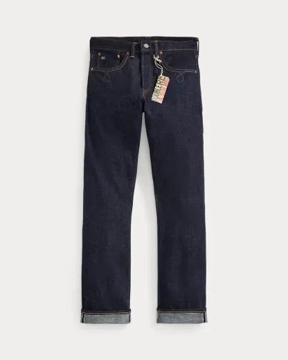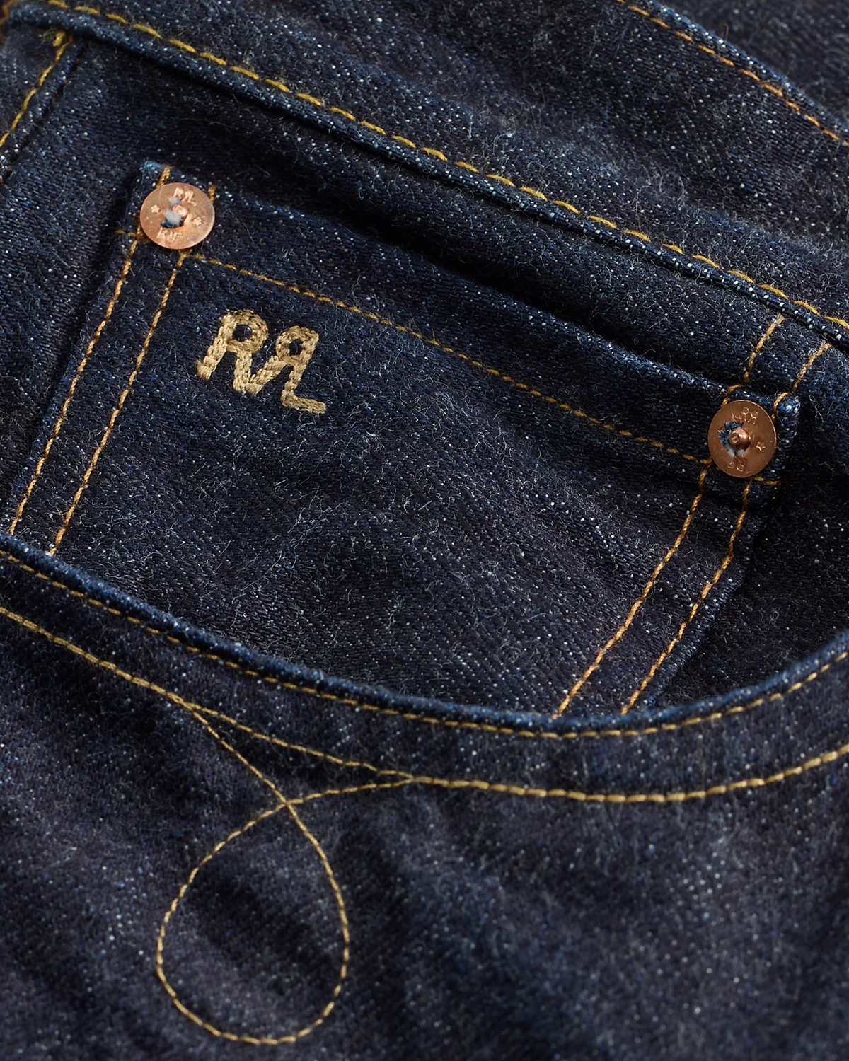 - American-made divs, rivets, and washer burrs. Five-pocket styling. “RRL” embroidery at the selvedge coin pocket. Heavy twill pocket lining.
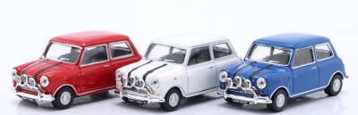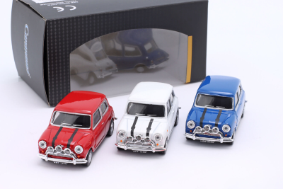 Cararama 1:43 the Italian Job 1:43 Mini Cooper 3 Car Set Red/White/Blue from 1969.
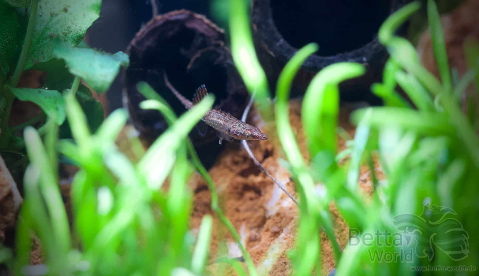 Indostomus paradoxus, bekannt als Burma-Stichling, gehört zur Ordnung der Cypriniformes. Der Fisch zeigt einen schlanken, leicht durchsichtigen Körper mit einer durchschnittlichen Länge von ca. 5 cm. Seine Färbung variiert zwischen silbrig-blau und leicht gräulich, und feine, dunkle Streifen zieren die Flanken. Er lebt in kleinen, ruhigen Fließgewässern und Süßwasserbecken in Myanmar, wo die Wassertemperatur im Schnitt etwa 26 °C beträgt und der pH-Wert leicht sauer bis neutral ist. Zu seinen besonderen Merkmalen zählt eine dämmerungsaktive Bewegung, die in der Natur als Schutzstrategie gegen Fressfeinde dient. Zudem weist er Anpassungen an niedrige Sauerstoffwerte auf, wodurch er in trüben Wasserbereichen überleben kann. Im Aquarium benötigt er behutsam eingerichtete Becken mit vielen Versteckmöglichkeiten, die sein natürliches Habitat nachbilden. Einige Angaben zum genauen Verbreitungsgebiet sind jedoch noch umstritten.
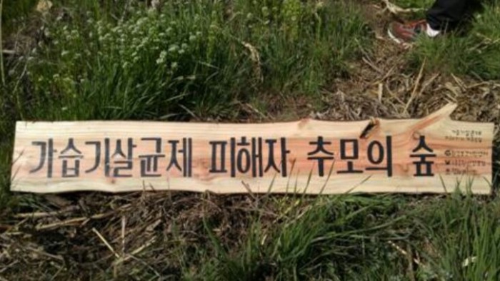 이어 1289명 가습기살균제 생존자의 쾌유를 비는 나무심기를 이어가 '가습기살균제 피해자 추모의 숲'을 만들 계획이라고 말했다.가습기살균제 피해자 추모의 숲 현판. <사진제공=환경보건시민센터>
★ ★ ★ ★ ★ ★ ★
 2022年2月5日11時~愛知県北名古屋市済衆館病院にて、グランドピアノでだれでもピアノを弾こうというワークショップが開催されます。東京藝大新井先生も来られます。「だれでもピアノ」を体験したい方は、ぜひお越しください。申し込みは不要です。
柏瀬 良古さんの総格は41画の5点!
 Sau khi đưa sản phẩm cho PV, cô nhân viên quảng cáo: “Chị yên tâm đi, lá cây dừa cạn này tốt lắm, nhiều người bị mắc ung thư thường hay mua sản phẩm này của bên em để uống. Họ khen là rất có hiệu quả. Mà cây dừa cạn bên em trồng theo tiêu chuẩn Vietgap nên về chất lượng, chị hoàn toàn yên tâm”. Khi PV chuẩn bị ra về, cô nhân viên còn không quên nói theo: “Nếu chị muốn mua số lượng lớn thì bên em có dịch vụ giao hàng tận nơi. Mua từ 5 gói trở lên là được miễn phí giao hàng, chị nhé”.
★ ★ ★ ★ ★ ★ ★
ACTIVITY – What you write out is the stretch of entries from the line containing "- American-made divs, rivets, and" to the line containing "Cararama 1:43 the", word for word, with both end lines and no pictures.

RESPONSE BELOW –
 - American-made divs, rivets, and washer burrs. Five-pocket styling. “RRL” embroidery at the selvedge coin pocket. Heavy twill pocket lining.
 Cararama 1:43 the Italian Job 1:43 Mini Cooper 3 Car Set Red/White/Blue from 1969.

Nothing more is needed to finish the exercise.